International Higher Education, Winter 1998
The University of the Middle East
Hala TaweelHala Taweel is president of the Center for Higher Education in the Middle
East, Inc., and is a doctoral student in higher education at Boston College. Address:
Center for Higher Education in the Middle East, 54 Canal Street, Boston, MA 02114.
Phone: 617/248-8622. Fax: 617/248-8625. E-mail: University_of_the_Middle_East@msn.com
Website: http://www.ume.org
Growing up in the West Bank, I was forever frustrated by the politics that inflamed and kept alive tensions between Israelis and my people, the Palestinians. After all, many of the issues seemed of rather limited significance to those of us busily going about our daily lives. Years later and away from the Middle East, I now better understand the circumstances influencing the region's disparate ideologies. I have come to see these issues not simply as ethnic differences based on historical enmity, but instead as the struggle of two communities attempting to come to terms with themselves and their neighbors. Regretably, efforts at reconciliation have to date been unsuccessful as certain actors remain bent on forwarding their own interests at the expense of the common good.
To combat such thinking, a group of fellow Boston-area students and I began working a year ago to create a mechanism for overcoming these real and perceived differences. Dedicated to the notion that shared goals foster empathy, we are now attempting to create a new learning community in the region, a system of institutions that would not only meet the future educational needs of the swelling population, but would also bring the area's ethnic communities together in an effort to forge mutual understanding and cooperation. Our goal is the creation of a series of university campuses known collectively as the University of the Middle East.
Eventually, a broad network of these campuses is planned throughout the Middle East and North Africa. As a cohort of individual but linked campuses, each location will first address the needs of the country in which it is built. As part of a larger parent university system, however, individual institutions will be linked through both scholarly and student exchange, and joint projects between the faculty and student levels. Despite maintaining regional autonomy, the campuses will be overseen by a single board of trustees selected proportionally from each satellite campus. The board will ensure an equitable distribution of funds, define and determine policy issues, and maintain the principles of the university. Once the system has taken root, the University of the Middle East will offer academic tracks similar to those at other world institutions. These will include undergraduate and graduate degrees in the liberal arts, the physical and social sciences, and professional-oriented programs. We intend that the professional programs will address specific local needs such as medicine, civil engineering, and intergroup studies. All degree programs will incorporate special course design and other opportunities for students from different areas to interact. Undergraduates will spend semesters on exchanges at one or more of the other University of the Middle East campuses. Graduate and professional students will attend their program of interest in the country where it is offered, and will fulfill course requirements that train them to address regional issues in their field. Students in all programs will be required to demonstrate facility in a regional language other than their native tongue. In sum, the curricular goal of the university system will be to produce a new generation of graduates who, in addition to bringing skills to their respective fields, are trained to address the regional and global challenges of the 21st century.

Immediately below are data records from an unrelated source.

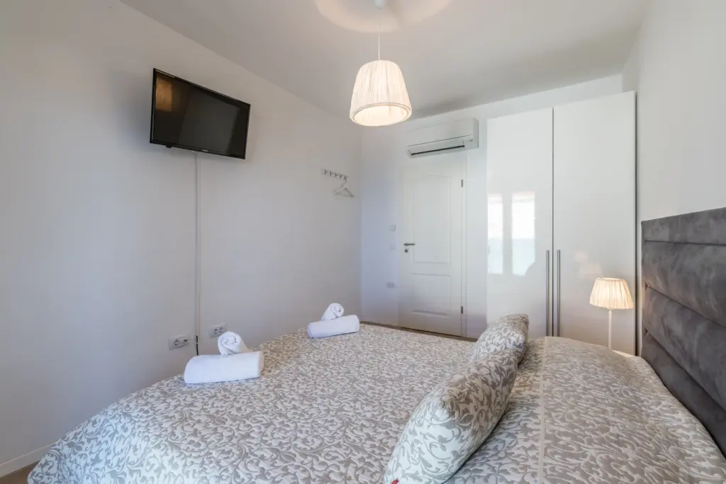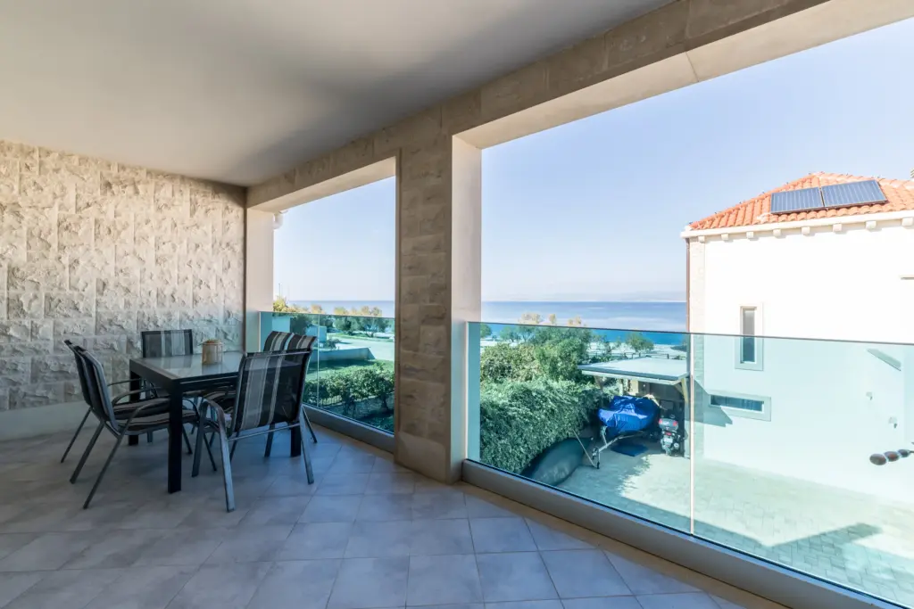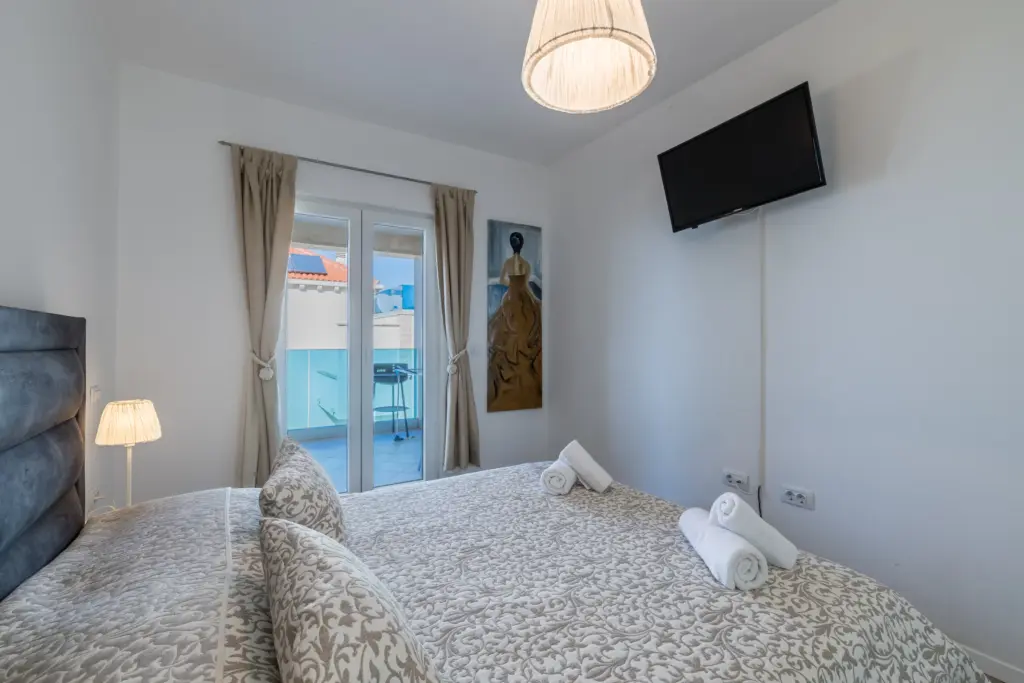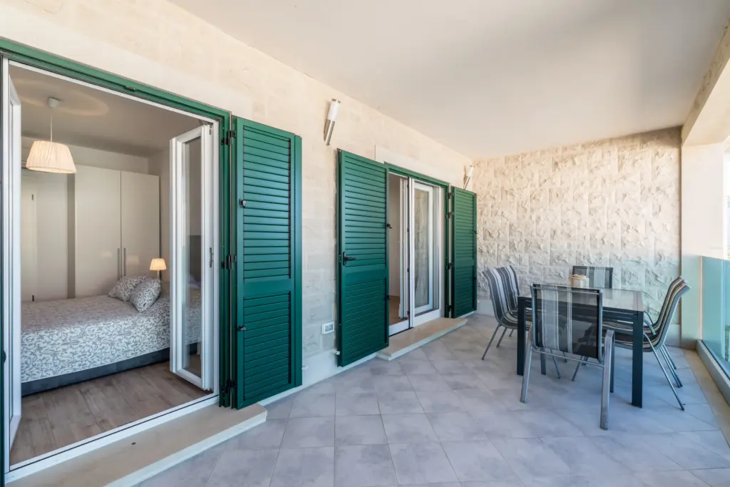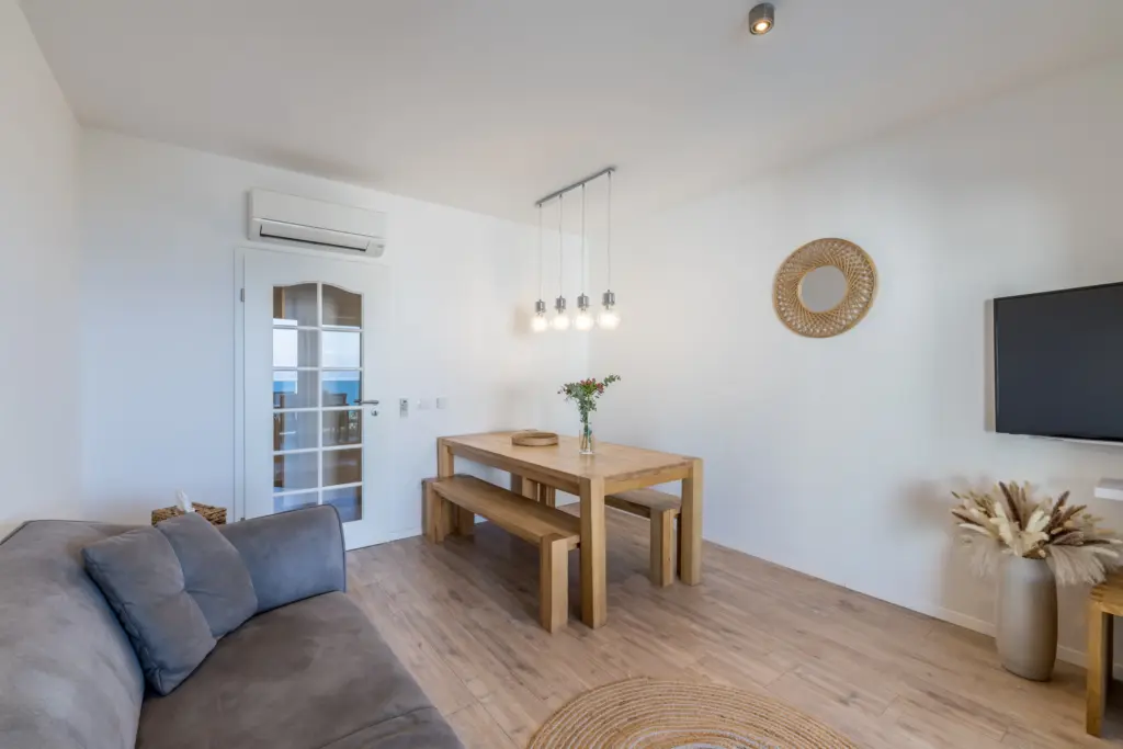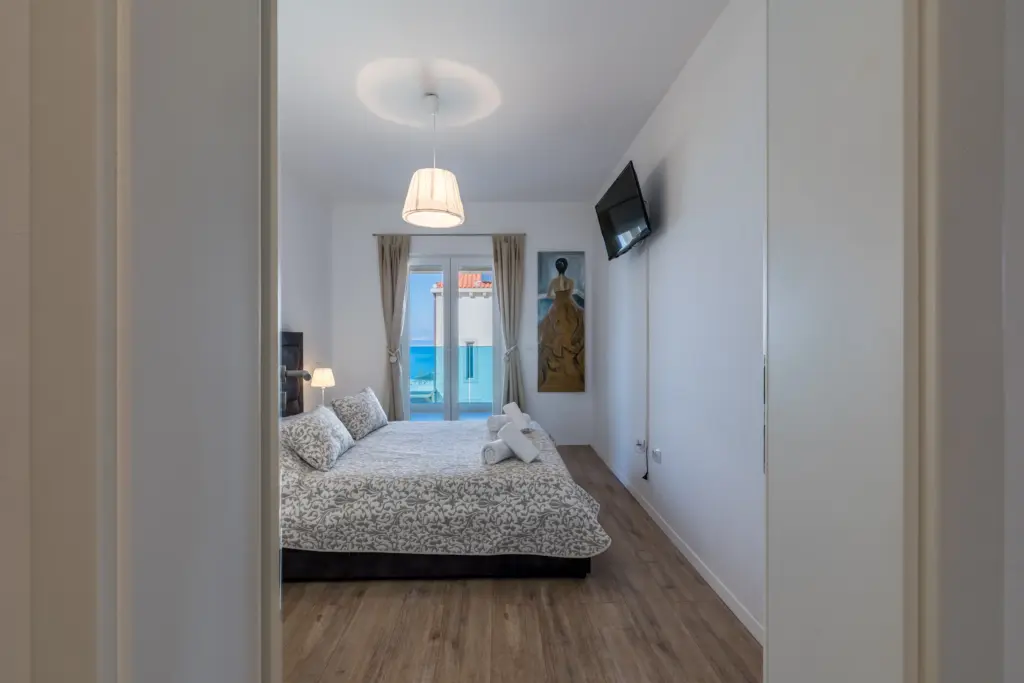Erleben Sie den besonderen Komfort in unserem Sogno Sole II, einem exklusiven Premium-Apartment im ersten Stock. Die großen Fenster und der Balkon schenken Ihnen einen atemberaubenden Blick auf das glitzernde Meer – der perfekte Ort, um den Sonnenaufgang zu genießen. Mit hochwertiger Ausstattung und einem stilvollen Design ist dieses Apartment ideal für Reisende, die das Besondere suchen. Lassen Sie sich von der Kombination aus Luxus und Meeresnähe verzaubern.
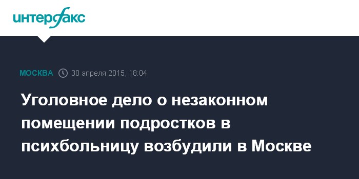 "В целях объективного и всестороннего изучения информации о незаконном помещении несовершеннолетних в стационар государственной психиатрической больницы № 15, возбуждено уголовное дело по ст. 128 УК РФ (незаконная госпитализация в психиатрическую клинику)", - сказала Иванова в четверг "Интерфаксу".
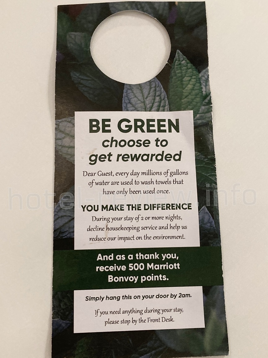 マリオット関連でもうひとつ。たまに見かけますが「ベッドメイクを断ると500ポイントあげます」特典。2泊以上のステイでこれをドアノブに掛け、部屋の清掃を辞退することでポイントが貰えます。
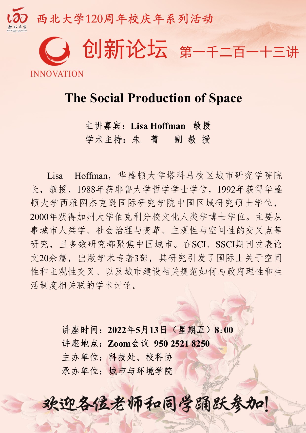 开云手机网页版登录入口创新论坛第一千二百一十三讲暨120周年校庆年系列活动:The Social Production of Space 作者:Lisa Hoffman 教授 编辑: 时间:2022-05-12
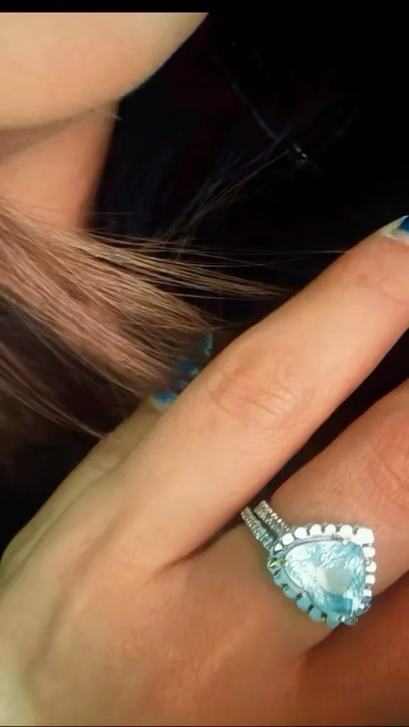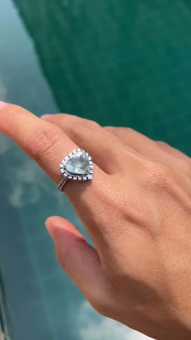 A ring that conveys the charm of winter through the sparkle of a clear blue aquamarine cut in a heart shape, giving a sense of peace and warmth. Decorated with natural zircons, sparkling like diamonds, like snowflakes when exposed to light✨❄️

Support for the University of the Middle East has been overwhelming. Educators, business persons, and political actors from the world over have championed our cause, providing the project with a great deal of initial momentum. As a result, we are now proceeding with plans to launch small-scale pilot programs intended to assess the feasibility of our larger initiatives and provide us a with a better sense of the working logistics of university building. These first programs will bring together scholars and students from the Middle East and North Africa to study subjects of mutual interest such as international and community development, organizational management, nongovernmental work, social justice, public health, and regional business strategies. In an ongoing effort to finance our plans, we continue to raise funds energetically. Although past support has been substantial, the future of the University of the Middle East project hinges on significant additional contributions of expertise, and capital. Information contained on our webpage highlights both past commitments and current needs.
That our project still exists at all bodes well for its future success. It also speaks volumes about the accomplishments that can be realized when political, social, and cultural differences are set aside to work toward a common goal. Founded by a group of Palestinian, Israeli, Lebanese, Jordanian, Egyptian, Moroccan, Arab-American, Jewish-American, and American students committed to fostering cooperation by looking past their differences, this project is a first tentative step toward erasing the history of ignorance and hatred in the Middle East by creating a forum in which future generations can share knowledge and common goals.